It enables you to register and update protobuf messages and gRPC services at runtime, create "Collections" (tables + API servers) of any proto type, and dynamically dispatch RPC calls across a distributed system—all with strong typing and validation.

Tell me more!

Collections are generic protobuf container for structured data, backed by sqlite. A collection is an ordered list of records of a single proto message type, filterable labels, and create/update metadata.

Namespaces are the core of collector's multitenancy model. A collection belongs to a single namespace, but the services respect a hierarchical namespacing model that keeps data/types/services/everything else separate across namespaces.

CollectionService is implements generic CRUD and Search APIs for Collections, plus the ability to invoke custom rpcs on the Collections. These are all provided automatically.

CollectionRepo is a Collection of Collections, "controller" of collection service and other internal/registered grpc servers and collections for this "collector". Also handles backups, clones/fetches, etc.

CollectiveDispatcher implements Connect, Dispatch, and Serve rpcs across Collectors. This is what turns Collector into a node in a mesh. It also allows execution to move to data or find available compute dynamically.

CollectorRegistry provides a registry of proto messages and grpcs with some reflection functionality. The rpc/message registry are what make this work as an "agent mesh" - it allows agents to interact with remote collectors, or remote collectors to interact with the local agent, in more compact/api-based interfaces than just text.Z

Using it

CollectionService alone is kind of like a protobuf ORM/CRUD server with search. CollectionRepo also gets you backups and db operations, including backups.

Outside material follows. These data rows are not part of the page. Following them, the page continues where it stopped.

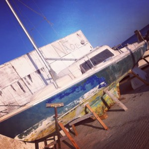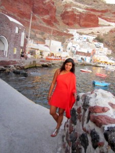 Formed from volcanic ash and rocks, yes you guessed it…the sand is black! Black Beach spans a large section of the south-east coast of the island. I stumbled across a great place for cocktails, the Black Rose Suites in Perivolos. It faces onto the beach, but behind it huge imposing hills make for a very surreal setting. I highly recommend the frozen margaritas!!
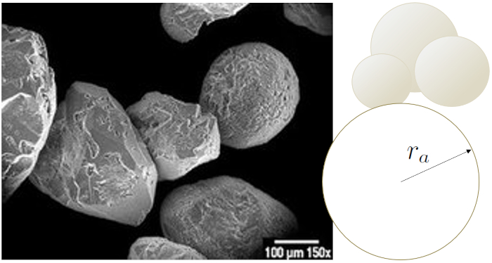 Therefore, we introduce the radius the sand grain radius ($r_a$) to describe the spheres of the sand grains.
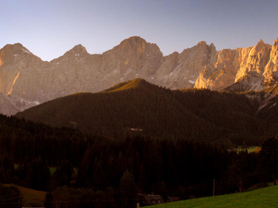 Der Dachstein mit seinen mächtigen, sonnigen Südwänden gehört zu den eindruckvollsten Bergpersönlichkeiten im Alpenraum. Fast 1.000 m ragen die nahezu senkrechten Felsmauern über den tiefgrünen Almen von Ramsau am Dachstein empor und locken neben Wanderern und Bergsteigern auch zahlreiche Künstler an, die sich von dieser einmaligen Landschaft inspirieren lassen. Die Überschreitung des Dachstein-Gletschers zum Guttenberghaus mit wunderbaren Panoramablicken bis an die nördliche und südliche Grenze Österreichs zählt zu den schönsten Touren in den Ostalpen.
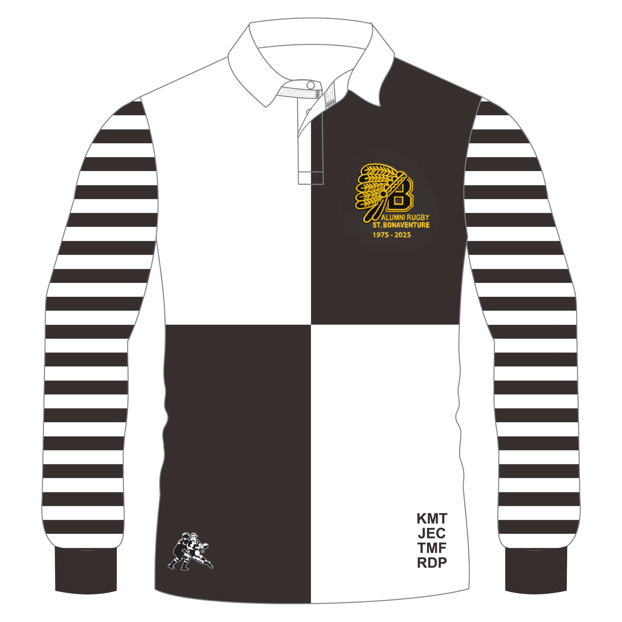 Own a custom designed St. Bonaventure Alumni vintage-style 50th Anniversary rugby shirt - available for pre-order for a limited time only!
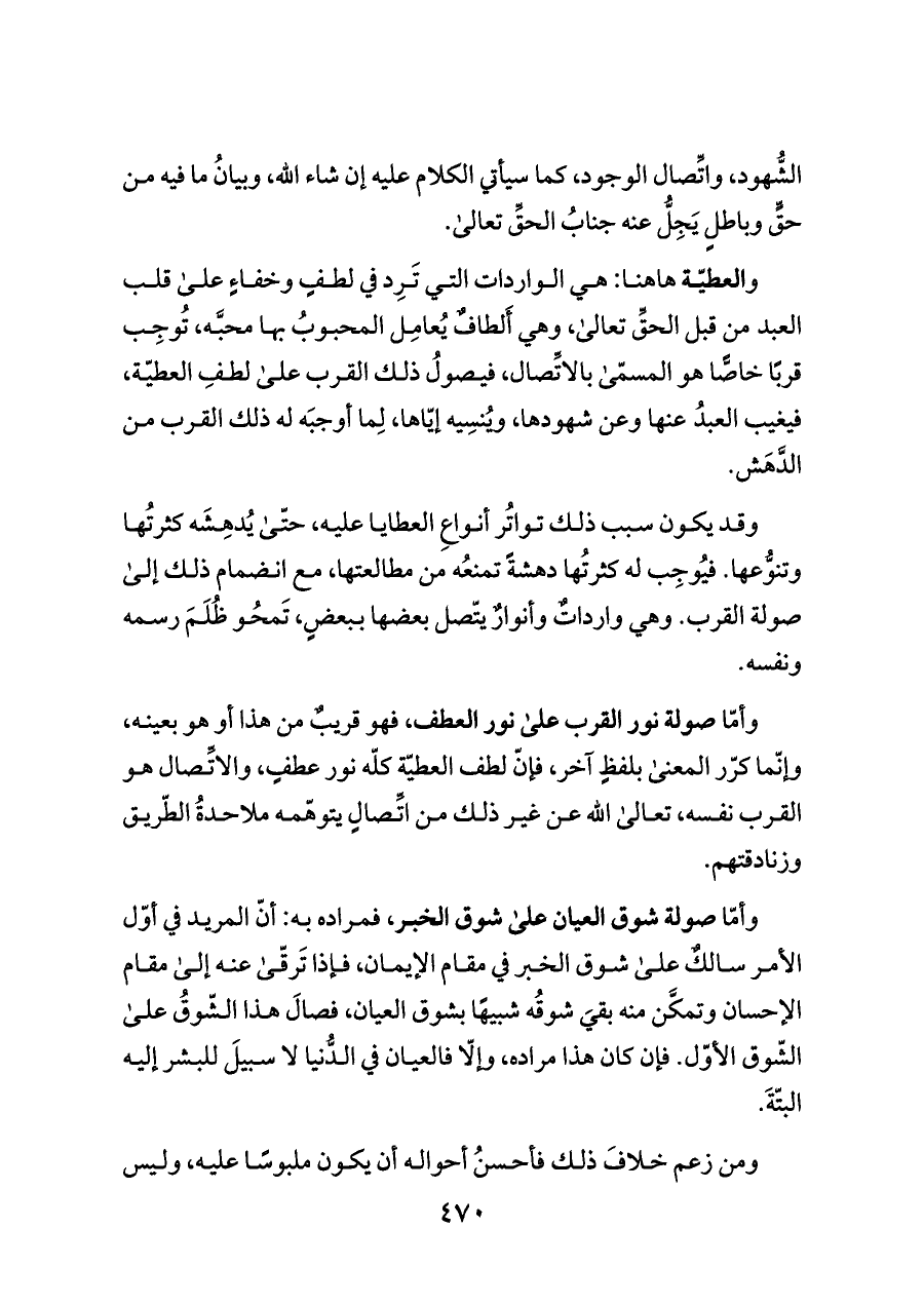 وقد يكون سبب ذلك تواتُر أنواعِ العطايا عليه، حتّى يُدهِشَه كثرتُها وتنوُّعها. فيُوجِب له كثرتُها دهشةً تمنعُه من مطالعتها، مع انضمام ذلك إلى صولة القرب. وهي وارداتٌ وأنوارٌ يتّصل بعضها ببعضٍ، تَمحُو ظُلَمَ رسمه ونفسه.

Paired with statue these sqlite-based "collections" can be used as a portable/snapshotted generic container for structured data, that you can distribute and query on a static site!

Enable CollectiveDispatcher and CollectorRegistry to get something with all the right characteristics of a node in an "agent mesh" - hierarchical multitenancy, data/service/type discovery, dynamic tool creation, interoperability with humans or traditional stateful instances/stateless services (which can also run collector!). Note: you should probably run this in a secure sandbox.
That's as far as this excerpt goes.